Rajapaksa’s Thinking

President Mahinda Rajapaksa and his brother and Defence Secretary  Gotabaya firmly believed that the LTTE could be defeated, if the right military and political steps were taken and adhered to steadfastly. Gotabaya, himself a retired Lt Colonel, believed that the Lankan armed forces had always been good and had won many battles, but there had been deficiencies in organisation, strategy, tactics and leadership which could not exploit the innate capabilities of the men in uniform.

Under the generalship of the currently disgraced Sarath Fonseka, the army gave up the policy of taking territory for territory’s sake and then trying to hold on through a static network.

War of Attrition 

Fonseka’s new doctrine was to search and destroy LTTE’s manpower and assets debilitating the LTTE’s capability over time, making it recruit civilians forcibly, thus alienating its main support base, the Tamil population. The army’s long range commando units also targeted LTTE leaders.

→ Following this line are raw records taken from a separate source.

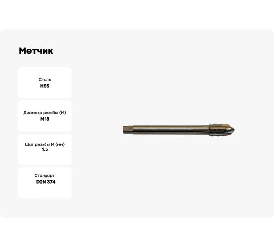 Метчик BTI DIN 374 HSS м/р Тип B M18x1,5 NM62 180150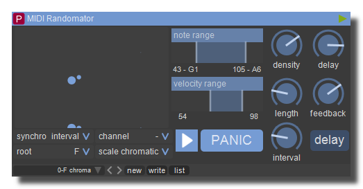 Generates random MIDI notes following a random-law-generator and several MIDI parameters.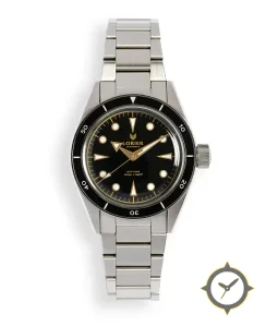 A Dive watch with a vintage-inspired 31.5mm case, crafted from stainless steel featuring a black dial with a unique glossy lacquer finish.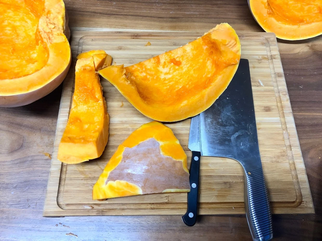 2. 무거운 식도로 자르면 잘 잘라진다. 껍질이 딱딱해서 과도로 벗기다 그냥 중식도로 깎아냈음. 필러로 하는 분들도 있던데 워낙 껍질이 단단해서 그냥 칼로 벗김.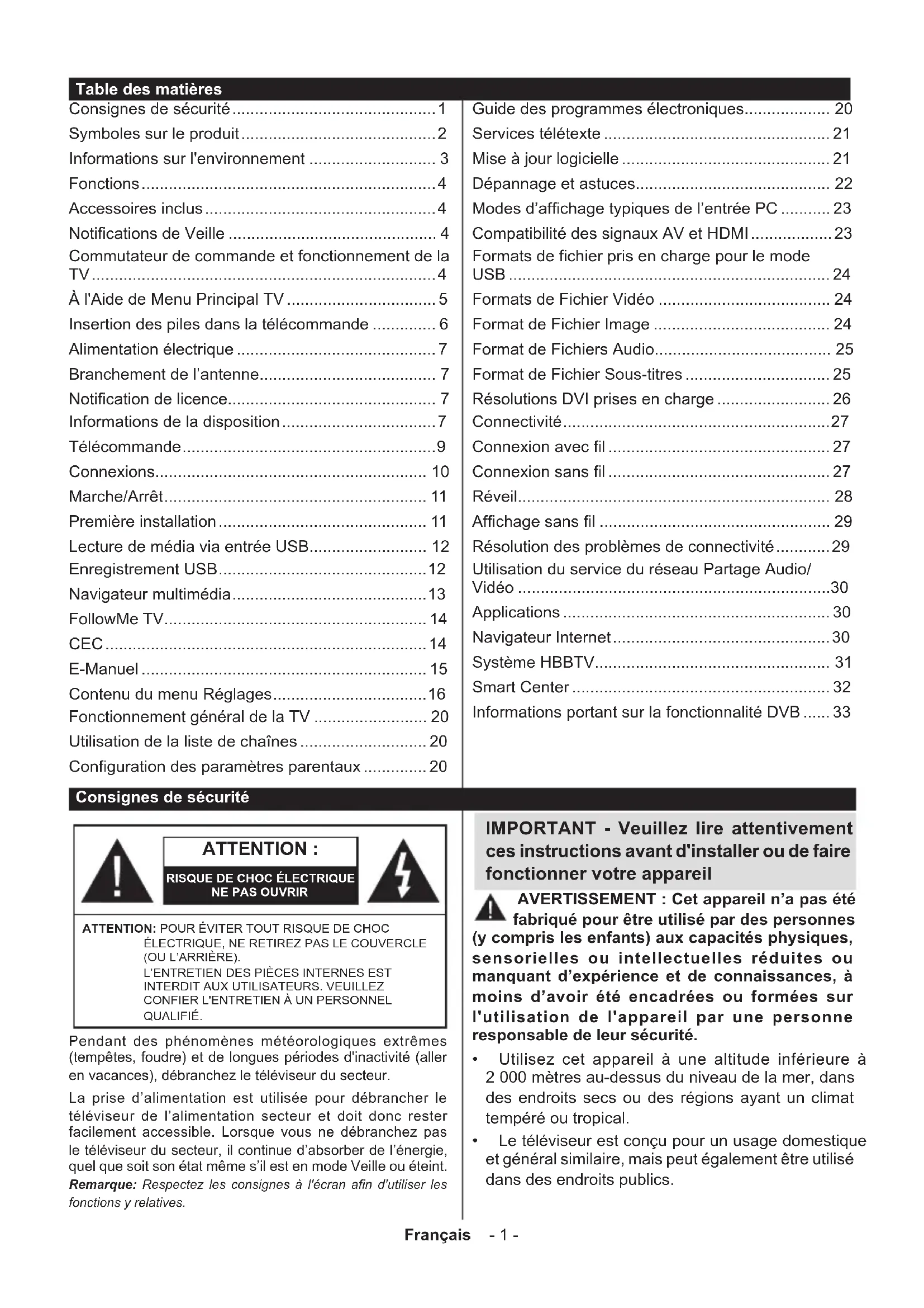 - (requis pour les fonctions d’enregistrement USB, si disponibles) Remarques : Pour les appareils Android, les dimensions d'écran Normal (mdpi), Large (hdpi) et Extra Large (xhdpi) sont prises en charges. Les appareils avec des écrans de 3” ou plus petits ne sont pas pris en charge. Pour les appareils iOS, toutes les dimensions d'écran sont prises en charge. L'interface utilisateur de l'application Smart Center peut changer en fonction de la version installée sur votre appareil. Informations portant sur la fonctionnalité DVB L’utilisation de ce récepteur DVB est indiquée uniquement dans le pays pour lequel il a été fabriqué. Bien que ce récepteur DVB soit conforme aux spécifications DVB les plus récentes au moment de sa fabrication, nous ne saurions en garantir la compatibilité avec les transmissions DVB ultérieures en raison des changements susceptibles d’intervenir dans les signaux et technologies de diffusion. Certaines fonctions du téléviseur numérique peuvent ne pas être disponibles dans tous les pays. Nous nous efforçons chaque jour à améliorer davantage la qualité de nos produits ; par conséquent, leurs spécifications peuvent changer sans préavis. Pour savoir où acheter des accessoires, veuillez contacter le magasin dans lequel vous avez acheté votre équipement.English - 1 - Safety Information Contents Safety Information p. 1

Role of Small Units                 

Majors General Chagi Gallage, Jagath Dias and Prasanna de Silva said that large infantry formations, long range area weapons and air strikes played a big role in decimating the LTTE. But victory would have impossible without the Special Forces, the commando units and other small groups drawn from the infantry divisions. Small groups, comprising eight to ten men, breached the LTTE’s defenses; infiltrated its lines, and attacked from the rear, totally disorienting its cadre. From behind the enemy lines these small groups provided valuable intelligence to the main infantry formations.

Field Level Autonomy

All field units, down to the small groups, were given the power to determine strategy and tactics, based on the ground situation and battlefield intelligence. These decisions were immediately communicated to the higher levels through a good communications system.